The border areas between Afghanistan and Pakistan have a history of instability since the de facto borderline that demarcated the spheres of influence between the-then Afghan Empire and erstwhile British India was a result of two wars between the Barakzai dynasty and Indian (mostly Sikh) forces led and supported by the British East India Company. Afghanistan was long seen as a threat by the British, particularly because of the proximity of Russia in the north, and the Safavid empire (of Iran) allied to them in the South. This was the “Great Game” period: the attempts of the British to counter Tsarist intentions in South Asia by deterring a possible invasion of India through Afghanistan. To acquire a degree of “strategic depth” and secure the Crown’s possessions in India meant that the borders of British India (and its spheres of influence) had to be expanded towards the west. The First Anglo-Afghan War (1839-1842) resulted in a resounding defeat for the British, including the massacre of British-led Indian units of the 44th Regiment of Foot, under the command of Major General William Elphinstone), in an attack by Ghilzai warriors in the treacherous mountain passes between the Kabul River and the Gandamak Pass: all soldiers of the 44th were killed except Captain James Souter, Sergeant Fair, and seven soldiers who were all taken prisoner, and the only Briton to reach Jalalabad was Dr. William Brydon. Lady Elizabeth Butler’s painting of a disheveled Dr. Bryndon reaching the British outpost in Jalalabad was an inconic representation of Afghanistan as the graveyard of foreign enemies.

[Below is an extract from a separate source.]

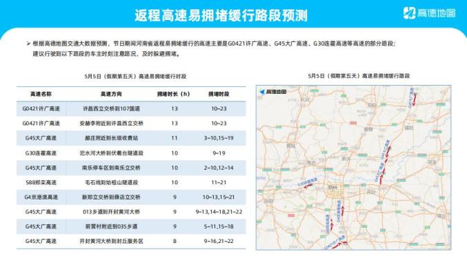 【返程高峰时段】一定要避开假期最后一天下午返程高峰,请提前返程,错峰返程。要特别注意假期最后一天5月5日下午返程高峰,尤其是下午17时至19时省内主干高速公路及返郑下站车辆骤增,易出现排队缓行现象,注意提前返程,错峰返程。

THE HISTORY OF THE DURAND LINE
In 1849, the map of South Asia and the Persian Gulf resembled the following cartography:
The British invaded again in 1878, starting the Second Anglo-British War (1878-1880), and achieved their geopolitical objectives through the Treaty of Gandamak (signed on May 26, 1879) ceding control of Afghanistan’s frontier areas such as the Korram and Pishin valleys, the Sibi district, and the Khyber Pass to the British and also surrendering the Afghan Empire’s foreign relations to British jurisdiction. The Treaty of Gandamak is considered one of the most humiliating agreements ever signed by an Afghan ruler: it made the Afghan Emir essentially a feudatory of the British East India Company (and indirectly, the British Crown). Fourteen years later, in 1893, Sir Mortimer Durand of the British civil service (and a diplomat of the British Indian government) was dispatched to Kabul to sign an agreement with Afghanistan’s Emir, Abdur Rehman Khan (the successor to Mohammad Yaqub Khan, and a virtual appointee of the British government). On November 12 of that year, an agreement demarcating the British and Afghan spheres of influence in South Asia was reached: the resulting borderline was named the “Durand Line”, and formally ceded vast parts of what is now Baluchistan, and Pashtun dominated areas in Afghanistan’s east, to British control. By 1880, Afghanistan (after the Durand Line agreement) under the control of Emir Abdur Rehman Khan looked like this:
The Durand Line agreement or treaty led to the creation of the North-West Frontier Province (NWFP, later renamed “Khyber Pakhtunkhwa” by Pakistan) and also gave the British jurisdiction over Multan, Mianwali, the Bahawalpur state and Dera Ghazi Khan: these areas were part of the Afghan empire from 1709 till the 1820s when the Sikh Empire invaded Afghanistan and wrested control of these areas. As late as 1970, these areas were made part of an enlarged Punjab province in Pakistan, resulting in a shrunken NWFP/KP province.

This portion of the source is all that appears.